Read the following information and answer the questions that follow:
A technician tests various conductors in a laboratory at constant temperature. She records that nichrome has a resistivity of 100 × 10⁻⁶ Ω m, while silver has a resistivity of 1.60 × 10⁻⁸ Ω m. She uses a nichrome wire of length 1 m and cross-sectional area 1 × 10⁻⁶ m² as a heating element.
(a) The technician observes that for the conductor at constant temperature, the current is directly proportional to the potential difference applied. Which law does this represent? State the law. [1 mark]
(b) Which material — nichrome or silver — is a better conductor of electricity? Justify your answer using the given data. [1 mark]
(c) Calculate the resistance of the nichrome heating element. [1 mark]
(d) If the cross-sectional area of the nichrome wire is doubled while its length remains the same, what will be the new resistance? [1 mark]
Generated by claude-sonnet-4-6 · 2026-06-26 01:10 · grounding rag
Model Answer
(a) This represents Ohm's Law. It states that the potential difference (V) across the ends of a conductor is directly proportional to the current (I) flowing through it, provided its temperature remains constant. i.e., V ∝ I, or V = IR.
(b) Silver is a better conductor. A lower resistivity means less opposition to current flow. Silver has resistivity $1.60 \times 10^{-8}$ Ω m, which is much lower than nichrome's $100 \times 10^{-6}$ Ω m.

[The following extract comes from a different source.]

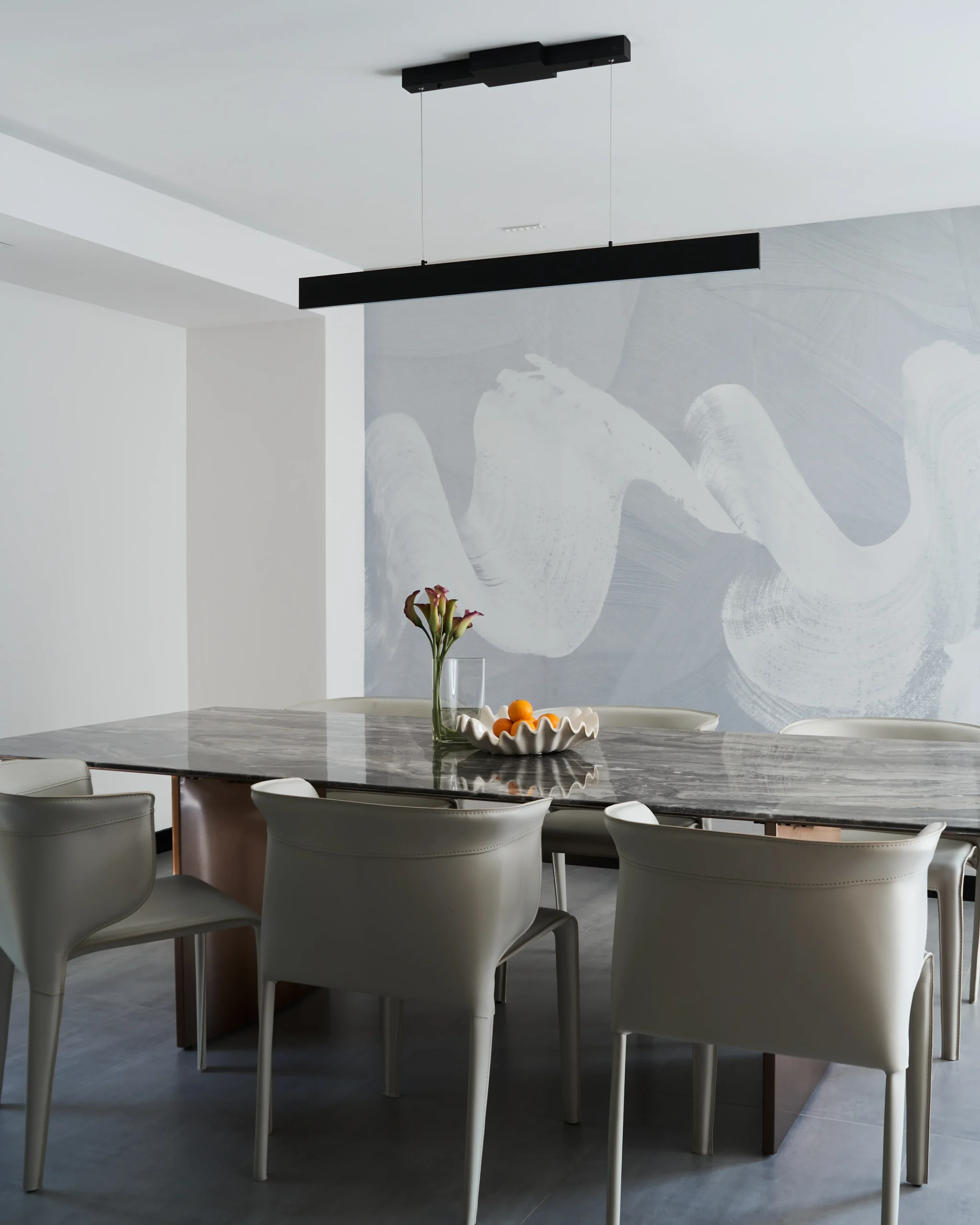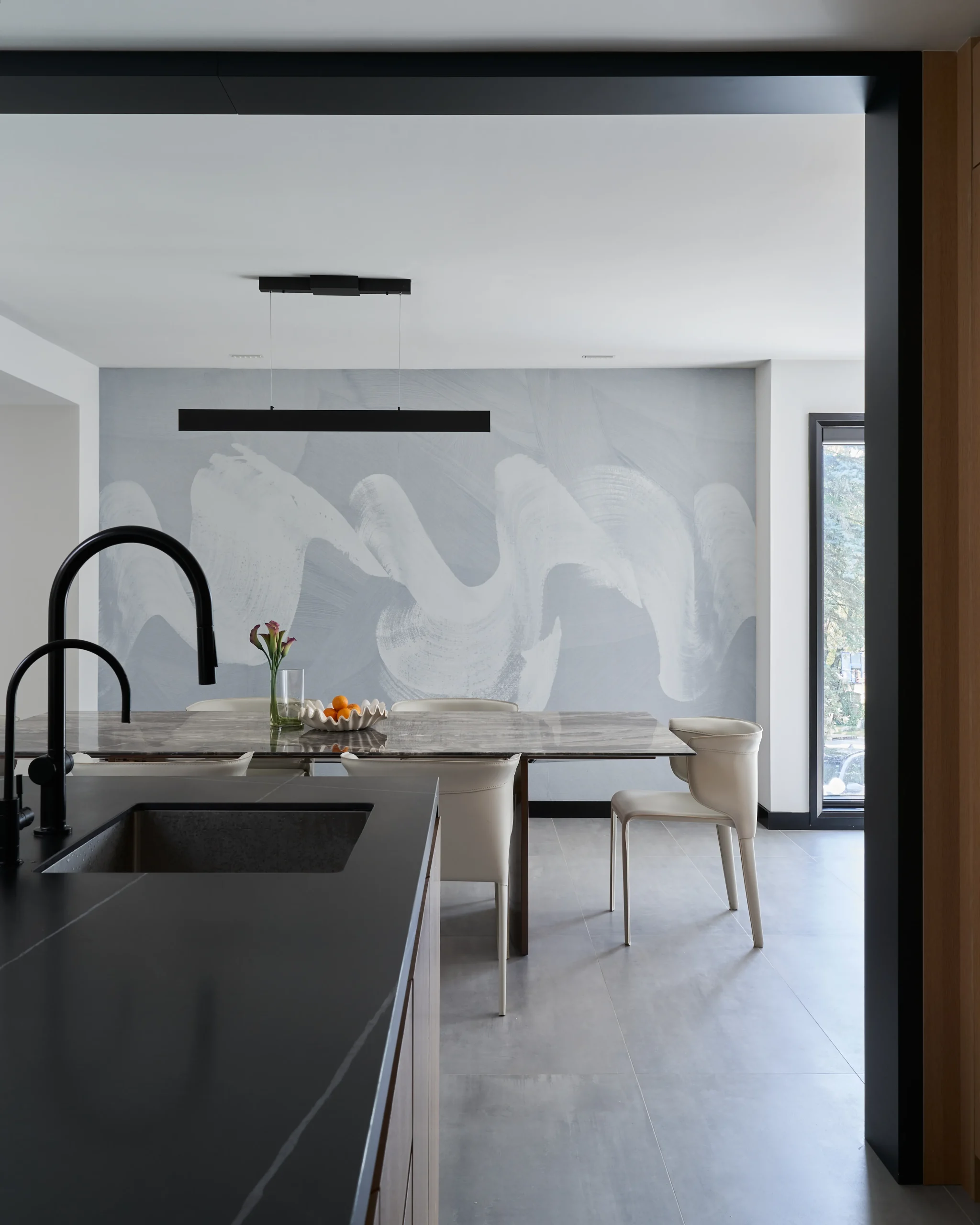 Pops of black punctuate the soothing white and grey tones throughout and look especially animated in the custom handles on concealed white doors. Wallpaper, a bold choice in a contemporary abode, makes the dining area and piano space come alive with abstract pattern and personality.

(c) Using $R = \rho \dfrac{l}{A}$:
$$R = \frac{100 \times 10^{-6} \times 1}{1 \times 10^{-6}} = \frac{10^{-4}}{10^{-6}} = \textbf{100 Ω}$$
(d) Since $R \propto \dfrac{1}{A}$, doubling the area halves the resistance:
$$R_{\text{new}} = \frac{100}{2} = \textbf{50 Ω}$$
Source: Chapter 11 – Electricity, Sections 11.4 (Ohm's Law) and 11.5 (Factors on which resistance depends)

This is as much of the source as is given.